- **Exercise objective**: An exact copy of the lines, starting at the top of the listing and ending with the line that has "180 kapsler |", is the required answer. Pictures are not part of it.

- **Provided data**:

★ ★ ★

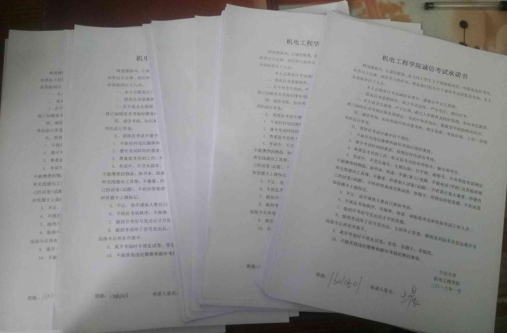 学院党委副书记刘光在班主任例会中向各班主任强调,要在班级内部开展考前动员大会,强调考风考纪的重要性,要求学生认真阅读学生手册中《中北大学本科生考试违纪处分规定》,熟悉违规违纪处分结果,达到威慑作用。同时大一、大二全体学生签署《机电工程学院诚信考试承诺书》,承诺考试中严格遵守考场纪律、诚信应考,坚决杜绝抄袭、偷看等舞弊行为。
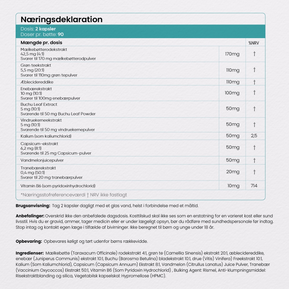 180 kapsler | Naturligt vanddrivende kosttilskud
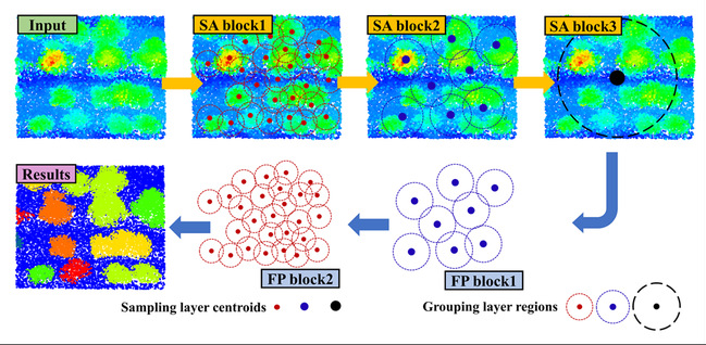 该研究使用无人机激光雷达平台对棉铃期大田棉花进行高通量数据采集。研究通过构建棉花大田点云数据集,使用三种深度神经网络进行模型训练,对比三种语义分割模型的分割效果,选择深度学习模型PointNet++对棉花点云进行语义分割,以实现棉花单株和地块点云的准确快速提取。最后利用6种单株棉花表型分析算法和5种块级棉花表型分析算法提取棉花株高、孔隙度和冠层体积等冠层结构信息。最终结果表明,本研究提出的方法可有效分割棉花,提取表型信息,为棉花生长监测、产量预测和科学管理提供技术支持。

★ ★ ★

- **Solution to this problem**:
 学院党委副书记刘光在班主任例会中向各班主任强调,要在班级内部开展考前动员大会,强调考风考纪的重要性,要求学生认真阅读学生手册中《中北大学本科生考试违纪处分规定》,熟悉违规违纪处分结果,达到威慑作用。同时大一、大二全体学生签署《机电工程学院诚信考试承诺书》,承诺考试中严格遵守考场纪律、诚信应考,坚决杜绝抄袭、偷看等舞弊行为。
 180 kapsler | Naturligt vanddrivende kosttilskud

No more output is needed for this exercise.